• [WHAT TO WORK ON]: Taking the entries below, transcribe only the lines starting with the one with "The scheme, for" and going on through the one with "Сумка от торговой", exactly as written, without the pictures.

• [INFORMATION GIVEN]:
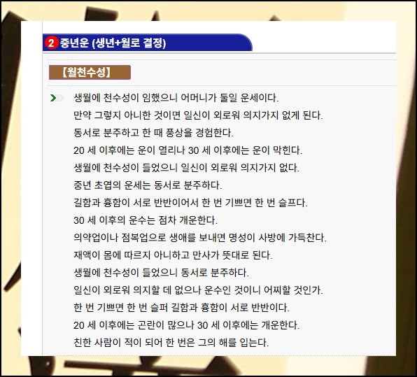 여러분의 소중한 인생 여정에서 믿음직한 안내자 역할을 해줄 사주풀이 무료 사이트를 활용해보세요. 초년운부터 부부운까지 삶의 모든 영역에 걸친 풍성한 이야기를 들려드립니다. 당사주도 함께 보면 여러 자신의 삶에 대한 평생운을 볼 수 있는데요. 나름 잘 맞고, 재미있게 보기에도 좋습니다.
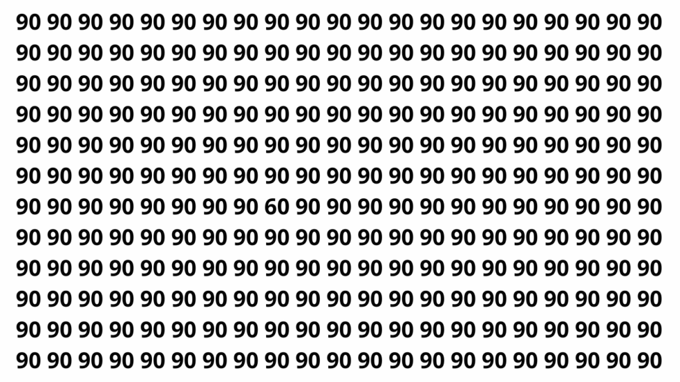 O número que se diferencia é 60, e ele está estrategicamente disfarçado entre os 90. A semelhança com os números ao redor aumenta a dificuldade, exigindo concentração e observação minuciosa para ser percebido.
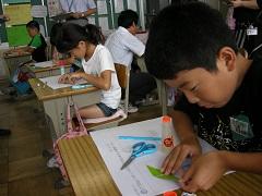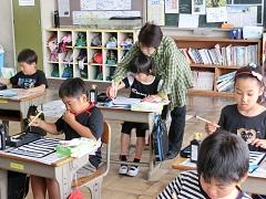 5年生は19名です。活動的な男子と、おしとやかな女子との組み合わせでバランスがとれています。最近は、算数の授業に加えて理科の授業にも興味・関心が高まっています。
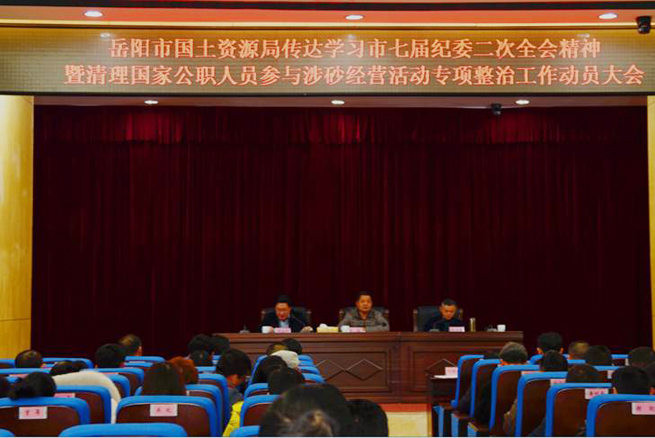 局党组成员、纪检组长周治中宣读了《岳阳市国土资源局清理国家公职人员参与采砂、运砂、浮吊、砂石码头经营活动专项整治方案》,并作工作部署。局党组副书记、副局长易拓新主持会议。
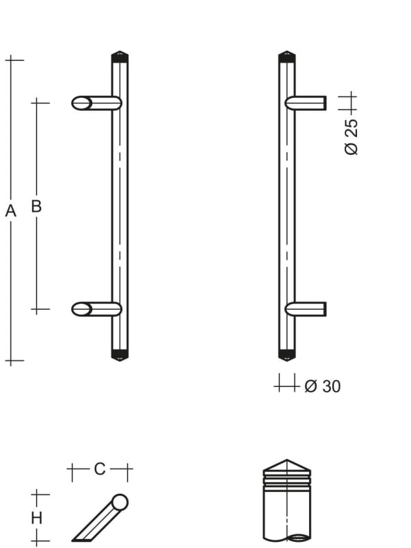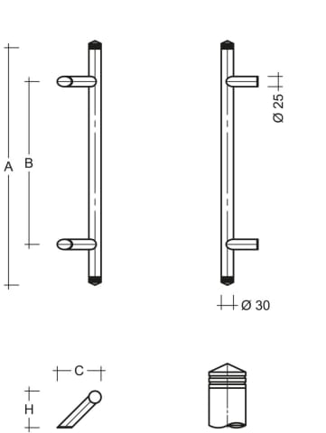 Meesenburg Artikelbezeichnung: STOSSGRIFF ZAE 751 EDELSTAHL ES30.9.4.330.210
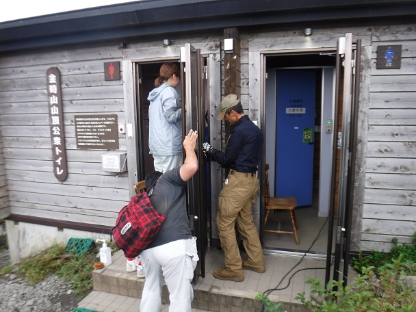 金時山山頂トイレは、山小屋の協力を得て関係者が連携して維持管理を行っています。
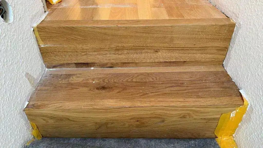 Hochwertiger Vinylboden in Eichenoptik mit Berliner Wandleisten in Weiß.
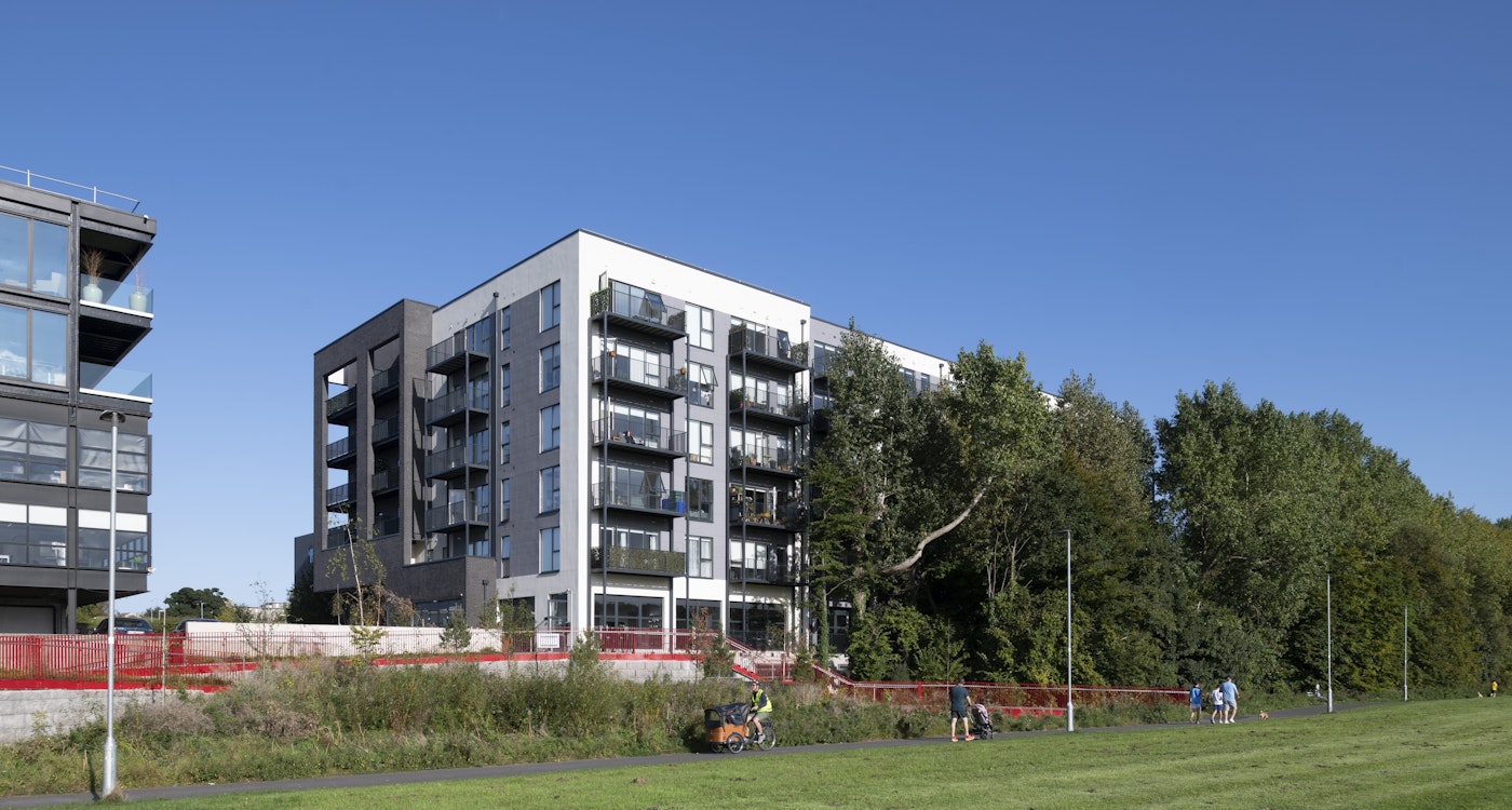 The scheme, for Kouchin Properties, is a high quality residential/mixed use development that forms part of the regeneration of an outdated industrial area in Dun Laoghaire. It provides a mixture of high end and affordable rental apartments, in answer to the critical housing shortage currently in place around Dublin. The project demonstrates how the use of MMC and digital technologies can be used to provide an efficient and sustainable design.
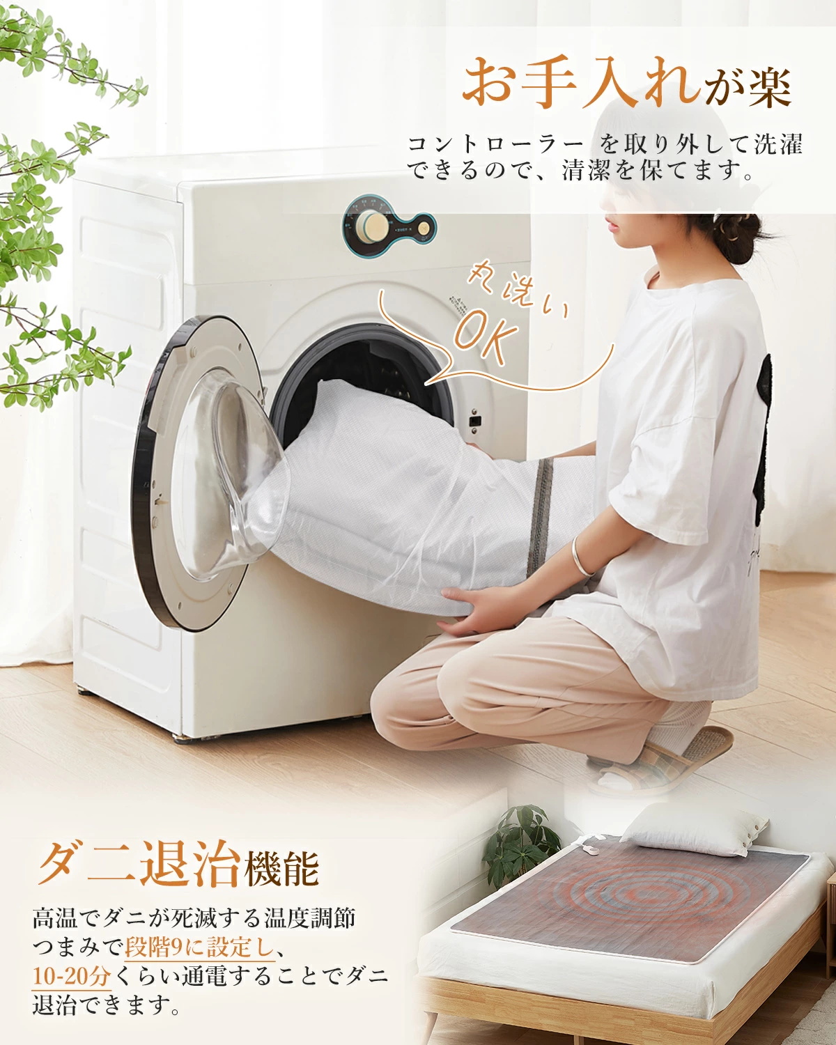 ●【洗濯機で丸洗いOK&ダニ退治】自宅で洗濯が簡単、コントローラーを取り外し、電気毛布を洗濯ネットに入れて、洗濯機で丸洗い可能。高温でダニが死滅する温度調節つまみで段階9に設定し、10-20分くらい通電することでダニ退治できます。
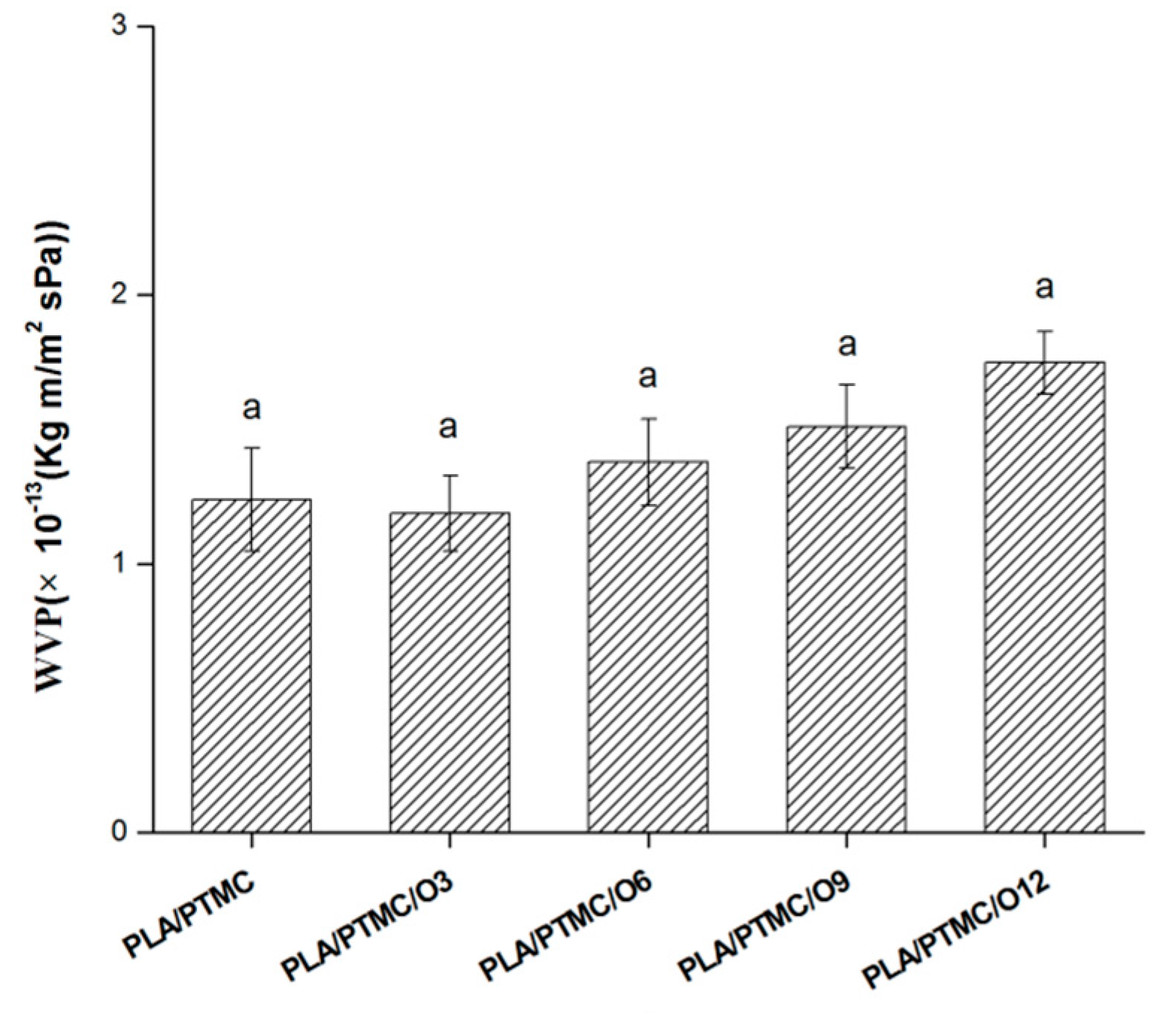 Water vapor permeability (WVP) of PLA/PTMC, PLA/PTMC/O3, PLA/PTMC/O6, PLA/PTMC/O9 and PLA/PTMC/O12 film. Values followed by same letter (a) was not significantly different (p > 0.05).
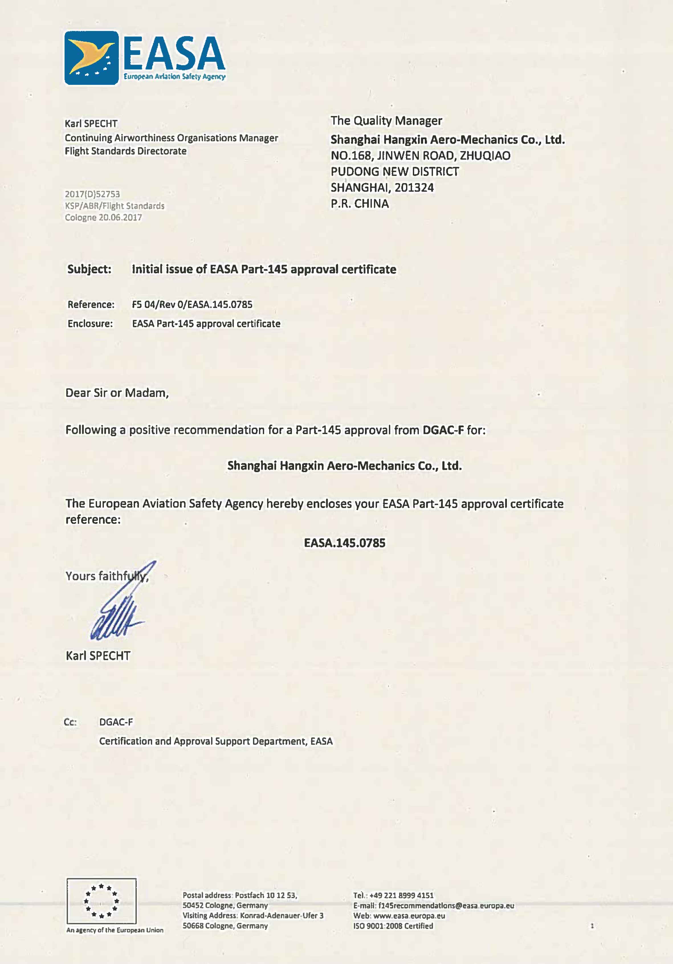 EASA Part-145 approval ce...
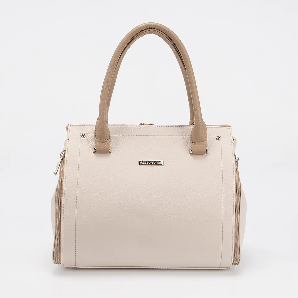 Сумка от торговой марки Passo Avanti выполнена из искусственной кожи бежевого цвета. Модель с двумя ручками и съемным регулируемым плечевым ремнем. Декорирована вертикальными молниями по бокам. Отделение на молнии. Внутри: текстильная подкладка, карман на молнии, накладной карман. На задней стороне - карман на молнии. Дно оснащено металлическими ножками для защиты от износа.
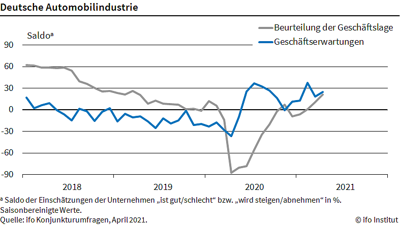 Die aktuellen Geschäfte der deutschen Autohersteller und ihrer Zulieferer sind im April besser gelaufen als im Vormonat. Der Indikator zur Geschäftslage für die Branche stieg auf plus 21,6 Punkte, nach plus 10,7 im März. Das ist der beste Wert seit April 2019...
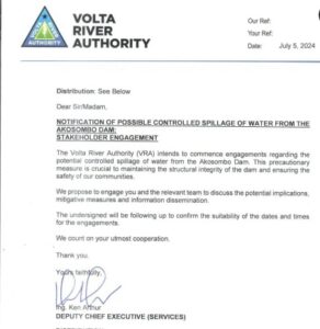 VRA’s Deputy Chief Executive in Charge of Services, Ing. Ken Arthur, signed a letter to the Interior Minister, other respective stakeholders and all the assemblies within the dam’s catchment areas, indicating and informing the possibility of another excess water spillage from the Akosombo Dam if necessary.

• [RESPONSE]:
 The scheme, for Kouchin Properties, is a high quality residential/mixed use development that forms part of the regeneration of an outdated industrial area in Dun Laoghaire. It provides a mixture of high end and affordable rental apartments, in answer to the critical housing shortage currently in place around Dublin. The project demonstrates how the use of MMC and digital technologies can be used to provide an efficient and sustainable design.
 ●【洗濯機で丸洗いOK&ダニ退治】自宅で洗濯が簡単、コントローラーを取り外し、電気毛布を洗濯ネットに入れて、洗濯機で丸洗い可能。高温でダニが死滅する温度調節つまみで段階9に設定し、10-20分くらい通電することでダニ退治できます。
 Water vapor permeability (WVP) of PLA/PTMC, PLA/PTMC/O3, PLA/PTMC/O6, PLA/PTMC/O9 and PLA/PTMC/O12 film. Values followed by same letter (a) was not significantly different (p > 0.05).
 EASA Part-145 approval ce...
 Сумка от торговой марки Passo Avanti выполнена из искусственной кожи бежевого цвета. Модель с двумя ручками и съемным регулируемым плечевым ремнем. Декорирована вертикальными молниями по бокам. Отделение на молнии. Внутри: текстильная подкладка, карман на молнии, накладной карман. На задней стороне - карман на молнии. Дно оснащено металлическими ножками для защиты от износа.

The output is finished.